Mais conhecida por organizar eventos musicais e por já ter trazido a Portugal artistas como Lou Reed, Prince, Bryan Ferry e Caetano Veloso, a Sons em Trânsito apresentou uma candidatura onde os concertos são um dos pilares. “Porque parece-me que, arquitetonicamente, é a arte que mais se adequa àquele espaço. E preenche uma lacuna para espetáculos de média dimensão, entre o Musicbox e um Coliseu que já leva 4.000 pessoas“, explica o diretor geral da promotora.

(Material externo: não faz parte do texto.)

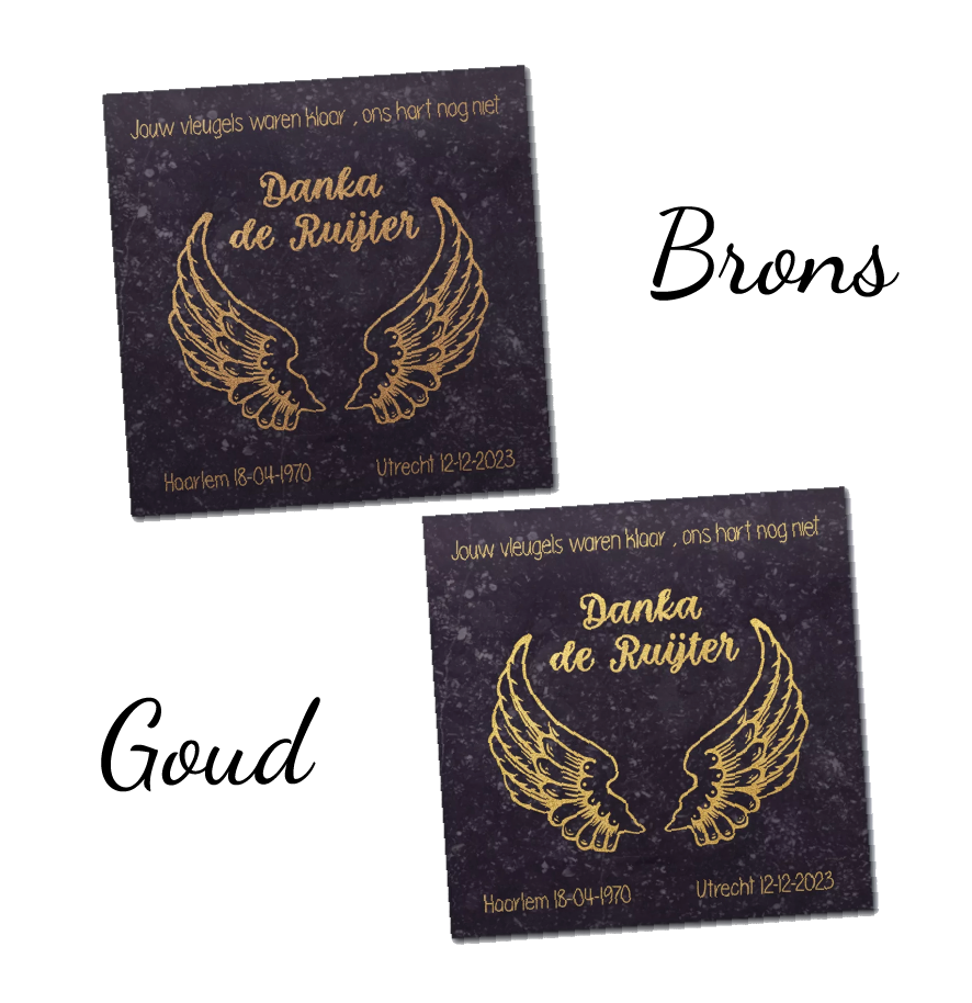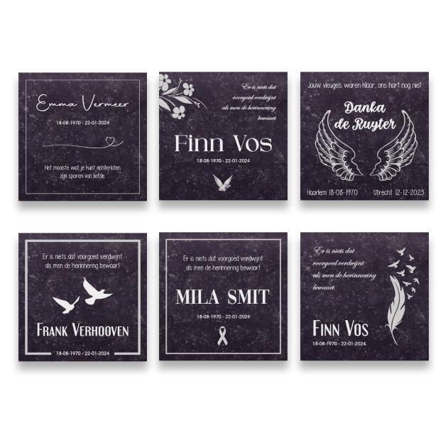 Of je nu op zoek bent naar een bescheiden gedenksteen vierkant voor in de tuin of een imposante steen voor een publieke ruimte, onze collectie biedt formaten die passen bij elke herinnering. Kies uit 20x20cm, 30x30cm, 40x40cm en 50x50cm, zodat je de perfecte afmeting kunt vinden om jouw eerbetoon te realiseren.

O Cineteatro Capitólio, que vai passar a chamar-se também Teatro Raul Solnado, não podia deixar de fora o humor. “Tendo em conta que a sala tem como patrono Raul Solnado, o maior humorista deste país, e fica no Parque Mayer, outro dos vetores será o humor”, confirma. E o cinema, tantas vezes exibido na sala e no terraço, também ali poderá voltar a ser visto.

O Capitólio inaugurou em 1931. © D.R.

Estas são as três vertentes essenciais da proposta que levou o júri, composto por Joana Gomes Cardoso, Cucha Carvalheiro, Herman José, Rui Pedro Tendinha e Nuno Galopim, a escolherem a Sons em Trânsito para gerir o equipamento da empresa municipal EGEAC. O concurso foi lançado a 7 de abril. No final de julho foi divulgada a classificação de cada um dos cinco concorrentes, com a Sons em Trânsito em primeiro ligar, seguida da Academia de Produtores Culturais – associação cultural, do consórcio Força da produção e Everything is New, em quarto lugar a Limiasur e, por fim, a Associação Tenda.

Vasco Sacramento tem reunião marcada com a EGEAC em setembro e não quer ainda alongar-se em detalhes sobre o que tem preparado para o Capitólio. “O que posso dizer é que não se pretende que seja uma aposta fechada, haverá espaço e desejo de ter outras coisas”, sublinha. Na proposta há “uma grande preocupação com o pensamento“, o que se poderá traduzir em tertúlias e debates, e também com a criação de públicos. “Temos previstas atividades para a criação de públicos, numa vertente educativa para os mais novos.”

Um dos critérios estabelecidos pela EGEAC no caderno de encargos era uma programação abrangente e pluridisciplinar, capaz de atrair públicos diversos. “O meu objetivo é que a sala esteja aberta à comunidade. Aquela não vai ser a sala da Sons em Trânsito. É uma sala para a cidade e para o país confiada durante cinco anos à Sons em Trânsito e todos os grupos culturais serão bem-vindos“, esclarece.

O Capitólio renasce, ainda sem saber como será o amanhã

Por enquanto, Vasco Sacramento não pode precisar quando será o primeiro espetáculo no Capitólio, nem quem será o protagonista. “Queremos o mais depressa possível”, diz apenas. De acordo com o caderno de encargos, a empresa vencedora tem um prazo de 60 dias para iniciar as atividades no espaço, a contar desde o momento da assinatura do contrato.

O Capitólio foi inaugurado em julho de 1931 e logo recebeu estreias de peças de teatro, operetas, zarzuelas, espetáculos de music hall e filmes, projetados tanto na sala principal como no terraço. O edifício, considerado uma das obras de referência da arquitetura modernista em Portugal, é um projeto do arquiteto Luís Cristino da Silva. Em 1983 foi classificado como Imóvel de Interesse Público. Pouco mais de uma década depois, fechou.